[DESCRIPTION OF THE TASK]:
Omit the pictures and return exactly the stretch of the material below from the line with "جلابية صيفي قطن" through the line with "Navy rating badge".

[EXTRACTED MATERIAL]:
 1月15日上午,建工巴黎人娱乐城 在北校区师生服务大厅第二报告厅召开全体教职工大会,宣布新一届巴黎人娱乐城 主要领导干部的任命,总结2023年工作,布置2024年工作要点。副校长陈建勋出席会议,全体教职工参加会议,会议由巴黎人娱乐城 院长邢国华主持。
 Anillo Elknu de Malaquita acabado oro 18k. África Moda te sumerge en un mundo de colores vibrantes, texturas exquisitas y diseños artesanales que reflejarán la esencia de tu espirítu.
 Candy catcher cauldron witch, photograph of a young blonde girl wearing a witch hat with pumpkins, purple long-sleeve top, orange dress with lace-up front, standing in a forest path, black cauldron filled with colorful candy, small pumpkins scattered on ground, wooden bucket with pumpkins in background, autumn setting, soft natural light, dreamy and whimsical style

...

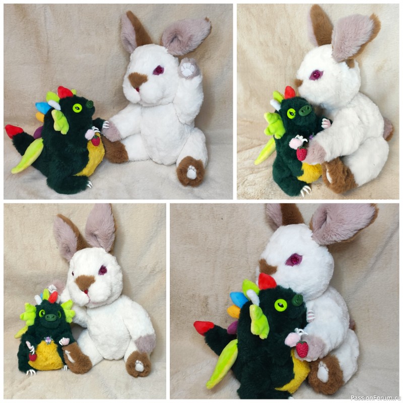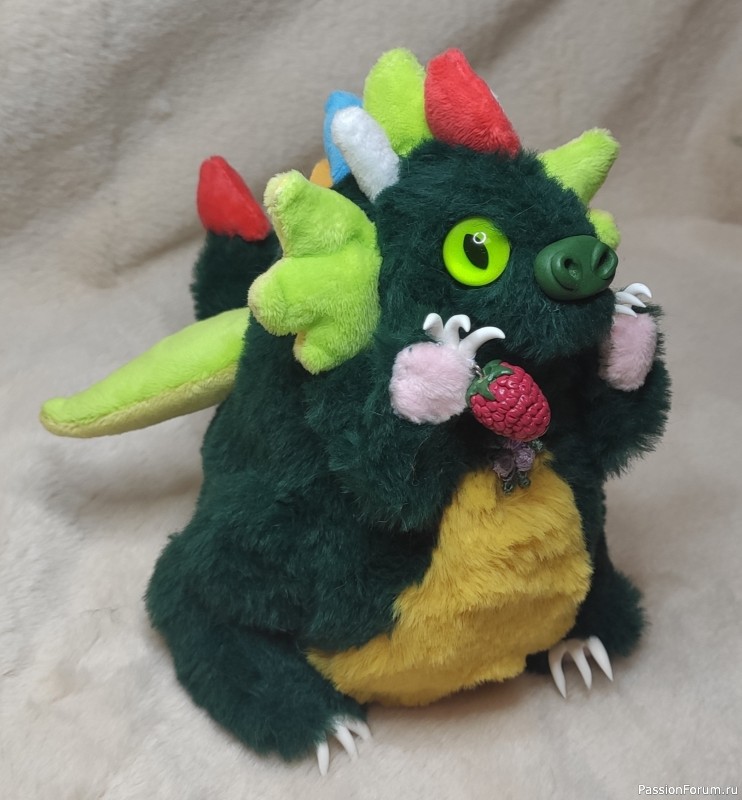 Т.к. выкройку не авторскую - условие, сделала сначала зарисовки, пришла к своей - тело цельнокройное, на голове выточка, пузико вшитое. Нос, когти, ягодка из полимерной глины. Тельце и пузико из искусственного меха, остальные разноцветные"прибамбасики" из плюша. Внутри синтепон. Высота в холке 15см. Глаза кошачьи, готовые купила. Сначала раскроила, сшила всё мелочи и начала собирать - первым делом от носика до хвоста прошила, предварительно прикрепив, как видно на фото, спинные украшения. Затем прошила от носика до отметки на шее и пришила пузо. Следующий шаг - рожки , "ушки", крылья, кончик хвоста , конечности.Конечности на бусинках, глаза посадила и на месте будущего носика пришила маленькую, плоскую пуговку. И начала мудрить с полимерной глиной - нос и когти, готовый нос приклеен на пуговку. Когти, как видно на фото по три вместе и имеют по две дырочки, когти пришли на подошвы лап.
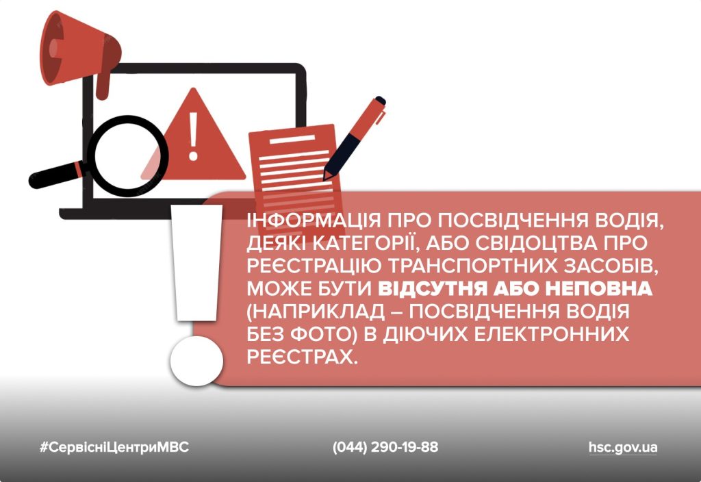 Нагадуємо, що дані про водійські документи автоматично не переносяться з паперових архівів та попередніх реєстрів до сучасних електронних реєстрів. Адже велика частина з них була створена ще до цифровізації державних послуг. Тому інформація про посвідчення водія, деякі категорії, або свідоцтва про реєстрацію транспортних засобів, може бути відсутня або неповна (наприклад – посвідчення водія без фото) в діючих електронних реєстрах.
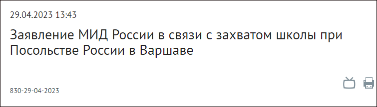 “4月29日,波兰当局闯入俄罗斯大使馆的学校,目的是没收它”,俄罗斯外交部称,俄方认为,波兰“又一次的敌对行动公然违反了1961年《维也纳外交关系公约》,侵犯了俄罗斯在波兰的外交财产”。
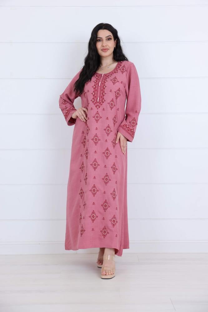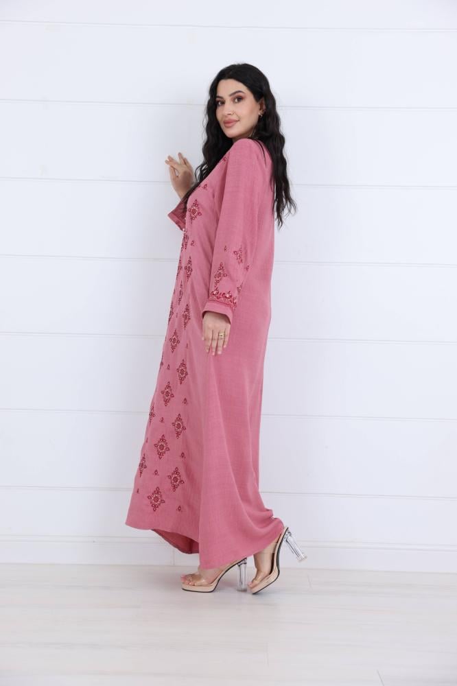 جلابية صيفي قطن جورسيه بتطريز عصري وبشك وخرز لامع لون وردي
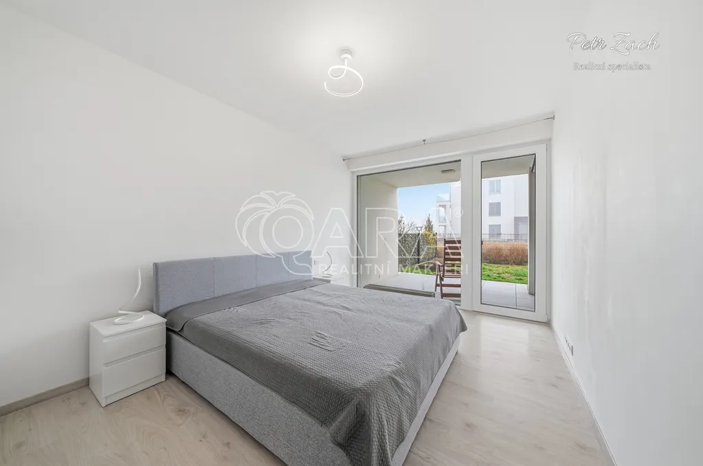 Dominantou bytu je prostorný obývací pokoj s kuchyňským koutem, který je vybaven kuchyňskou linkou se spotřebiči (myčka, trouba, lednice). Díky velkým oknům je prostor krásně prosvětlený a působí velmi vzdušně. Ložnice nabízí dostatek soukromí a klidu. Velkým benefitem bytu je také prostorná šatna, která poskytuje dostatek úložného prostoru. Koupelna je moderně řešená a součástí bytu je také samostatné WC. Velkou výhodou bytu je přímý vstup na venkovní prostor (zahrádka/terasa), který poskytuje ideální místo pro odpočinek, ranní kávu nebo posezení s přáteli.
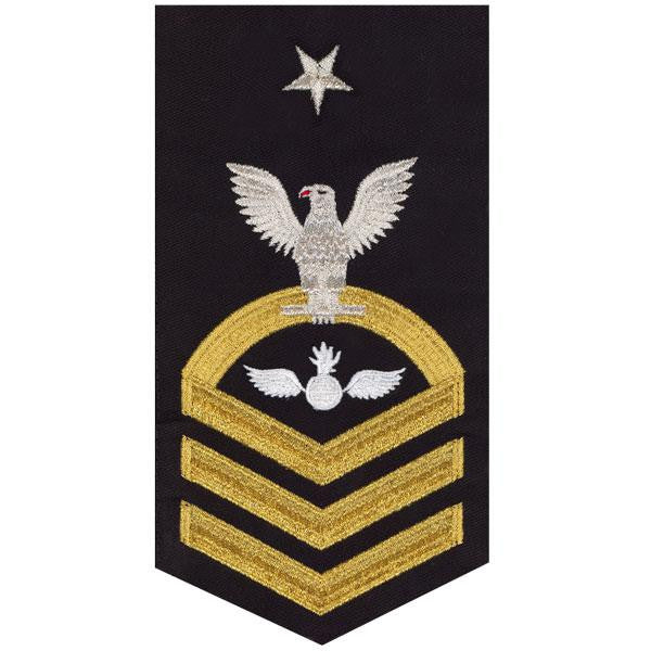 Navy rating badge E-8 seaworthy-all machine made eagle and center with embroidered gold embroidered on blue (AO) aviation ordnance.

[ANSWER SECTION]:
 جلابية صيفي قطن جورسيه بتطريز عصري وبشك وخرز لامع لون وردي
 Dominantou bytu je prostorný obývací pokoj s kuchyňským koutem, který je vybaven kuchyňskou linkou se spotřebiči (myčka, trouba, lednice). Díky velkým oknům je prostor krásně prosvětlený a působí velmi vzdušně. Ložnice nabízí dostatek soukromí a klidu. Velkým benefitem bytu je také prostorná šatna, která poskytuje dostatek úložného prostoru. Koupelna je moderně řešená a součástí bytu je také samostatné WC. Velkou výhodou bytu je přímý vstup na venkovní prostor (zahrádka/terasa), který poskytuje ideální místo pro odpočinek, ranní kávu nebo posezení s přáteli.
 Navy rating badge E-8 seaworthy-all machine made eagle and center with embroidered gold embroidered on blue (AO) aviation ordnance.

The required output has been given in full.